The finale of the conference, as always, was the leader’s speech. It would be back in the Empress Ballroom in Blackpool’s Winter Gardens where I’d delivered that leadership-winning, no-notes speech two years earlier. I had been pondering whether I could repeat the feat, not as a stunt, but because I was genuinely frustrated by my seeming inability to get across who I was, what I thought and what I wanted to do for Britain.

The lecterns I spoke behind felt like a barrier between me and the audience, distorting what I was saying and what people were hearing. Steve Hilton agreed. Sam told me to go for it. But last time was just ten minutes, I said. This is an hour. I have to cover everything. And it’s my political life on the line now.

But I knew what I wanted to say. It would be me up there, no artifice, no barrier. So in the run-up to the conference I was not just working on my speech with Ameet Gill, but secretly learning its structure, key points and key phrases as we went along.

Come the morning of the speech, I had rehearsed sections but never practised the whole thing in one go. Sam and I snuck out early for a walk on Blackpool beach. I bounded back, full of vim.

As I walked out onto the stage, I knew it was do or die. ‘It might be messy, but it will be me,’ I told the packed hall. As well as being ‘me’, it was terrifying, exhilarating – and knackering. After an hour, I reached the peroration. ‘So, Mr Brown, what’s it going to be? Why don’t you go ahead and call that election? … Let people decide who can make the changes that we really need in our country. Call that election. We will fight. Britain will win.’

I wish I could say I owed it to Cicero. In fact, it was inspired by the moment that David Niven loses his temper with Gregory Peck at the end of one of my favourite films, The Guns of Navarone. All that classical education gone to waste.

Before the conference began we had commissioned a ‘tracker’ or daily poll to see if anything we were doing was shifting the dial in terms of what the public thought. And we decided to continue the poll as the conference came to an end. It was money well spent. Our poll ratings ticked up daily through the conference – and then shot up at the end.
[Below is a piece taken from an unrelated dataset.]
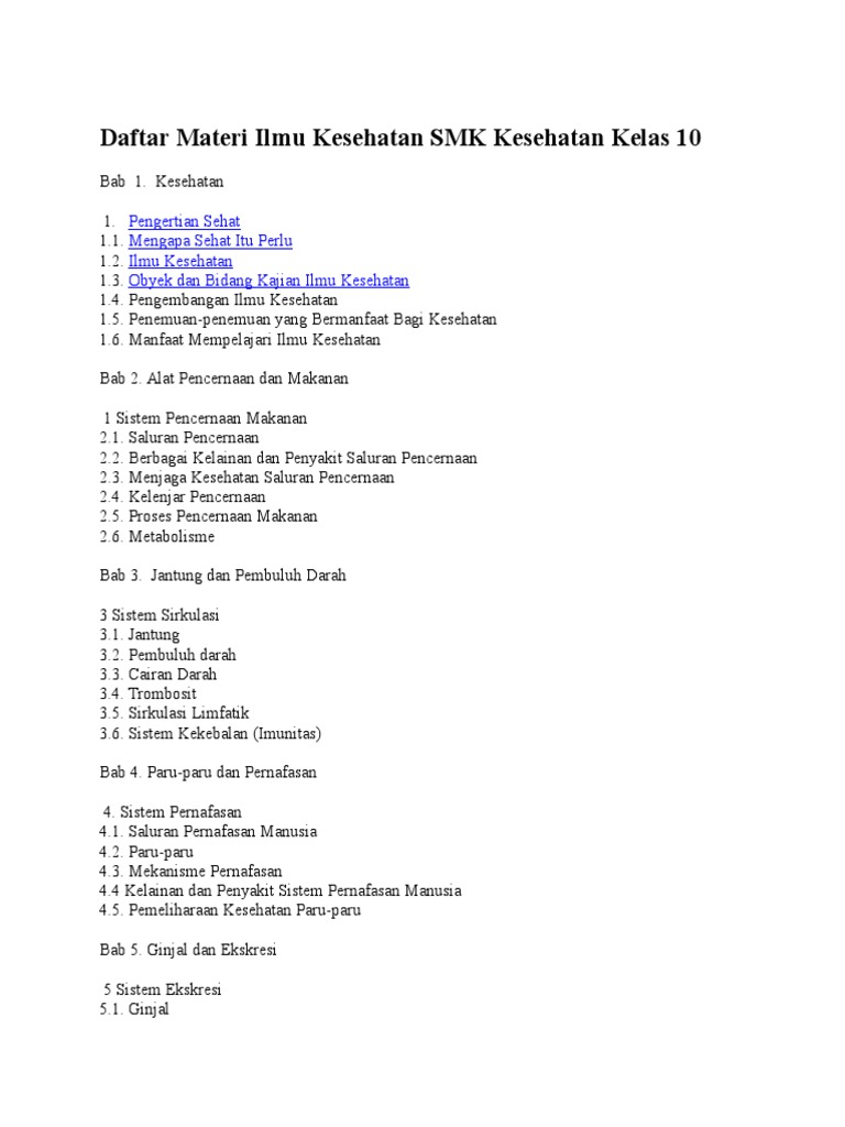 Sumber : slideshare.net Daftar Materi Ilmu Kesehatan Smk Kesehatan Kelas 10
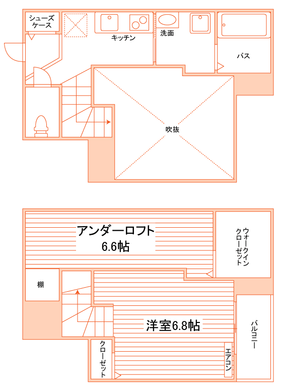 1K/18.9m²~21.6m²/6帖~7.2帖

I watched the news that evening and thought that I could see – for once – that I had really made that vital connection: from the hall, through the television, to the viewer at home.
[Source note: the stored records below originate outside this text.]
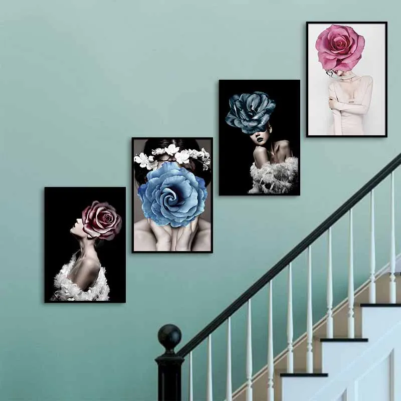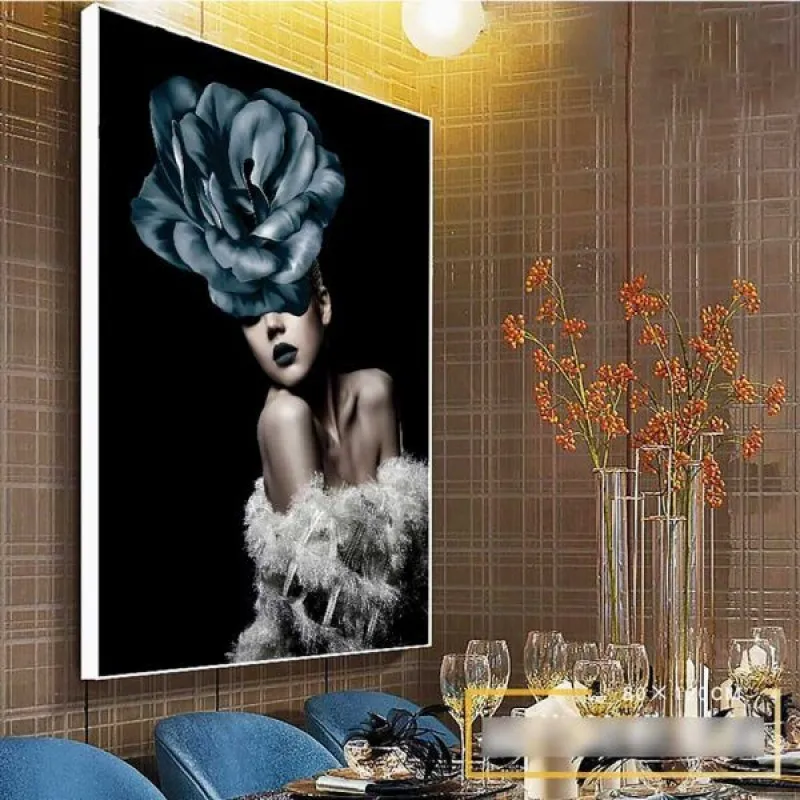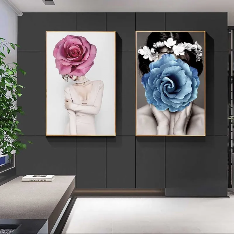 Tranh cô gái với những bông hoa lớn che gần hết khuôn mặt luôn cảm cho người xem có cảm giá tò mò về khuôn mặt thật sự của những mỹ nhân này, bộ tranh trừu tượng khá được yêu thích.
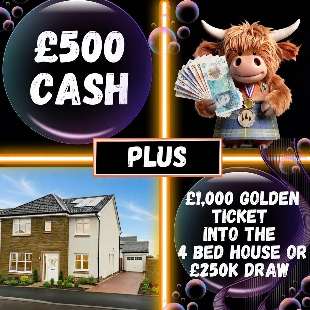 Double Bubble WIN £500 Quick CASH PLUS £1,000 Golden Ticket into the the 4 Bed House or £250,000 Cash Main Draw
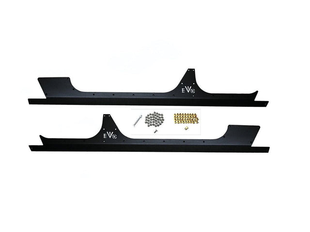 The EVO RockSkins are side armor plates are laser cut from 3/16 steel and CNC bent. They are a bolt on installation with stainless steel hardware. These can be used with all factory Jeep sliders and steps as well as all aftermarket frame mounted rock sliders. The RockSkins protection contours around stock and aftermarket fenders (factory mounting location).
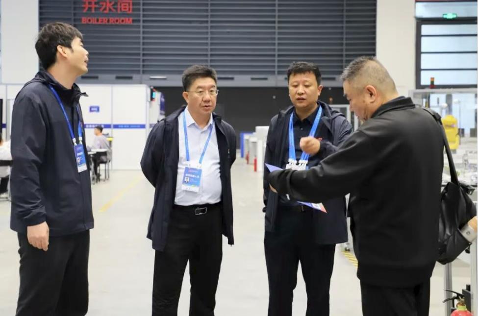 市人社局黨組成員、漯河技師學(xué)院黨委書記馬占欣帶隊察看國賽賽場情況
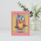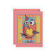 A colourful cartoon bird wearing a party hat stands in the centre of the card with the words "Happy Birthday" written vertically on both sides. The background features a pattern of wrapped presents in cheerful colours.
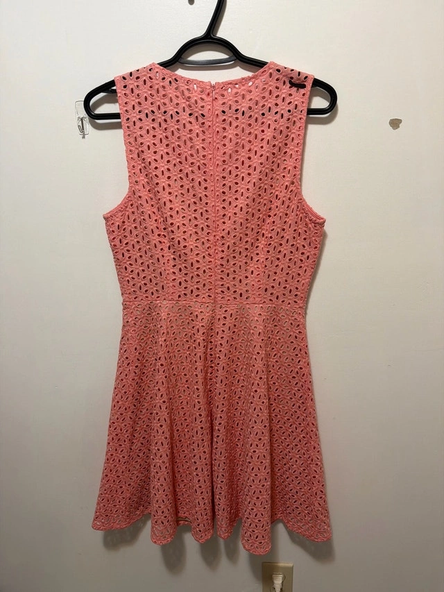 This is a JustFab Dress featuring a lovely eyelet design in a coral colour, size medium. Never worn but already fraying! There is a small imperfection in the fabric near the bottom hem. Please see the last photo for details. This dress is perfect for warmer weather!

But the country’s cameras were now trained once again on Gordon Brown: will he or won’t he?

The next day we were straight back into election planning meetings, as the tracker revealed we were neck and neck with Labour.

Then on Friday, as I drove to Dean, Andy phoned to tell me about a significant opinion poll which would be in that Sunday’s News of the World. It had been carried out only in marginal seats, and it showed, pretty comprehensively, that Labour would not win an election. Far from extending their majority, they would be losing seats to us. It was the final – and in my view, the key – factor that caused Gordon Brown to decide not to hold an election.
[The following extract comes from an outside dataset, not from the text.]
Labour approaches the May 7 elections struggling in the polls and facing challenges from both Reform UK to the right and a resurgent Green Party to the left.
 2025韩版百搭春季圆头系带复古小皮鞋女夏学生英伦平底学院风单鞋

Brown argued that his decision had nothing to do with the polls. This enabled us to get the narrative going that as well as being indecisive and temperamental, he was taking people for fools. Andy came up with the refrain ‘Brown’s bottled it’, and we even had bottles of Brown ale made.

A word on being indecisive. The previous year, February 2006 had brought Elwen into our lives. Like Nancy, he was born under C-section at St Mary’s, Paddington.

Normally, parents can discuss baby names at their leisure. But we didn’t have that luxury. Gabby burst in soon after the birth telling us we had to come up with a name now, otherwise I’d look indecisive. I liked Arthur. Boring, said Sam. She sent me out to buy a book of names, and decided on Elwen – not the Welsh Elwyn, but the J.R.R. Tolkien version, meaning ‘friend of the elves’. So Elwen he became (but Arthur Elwen on his birth certificate).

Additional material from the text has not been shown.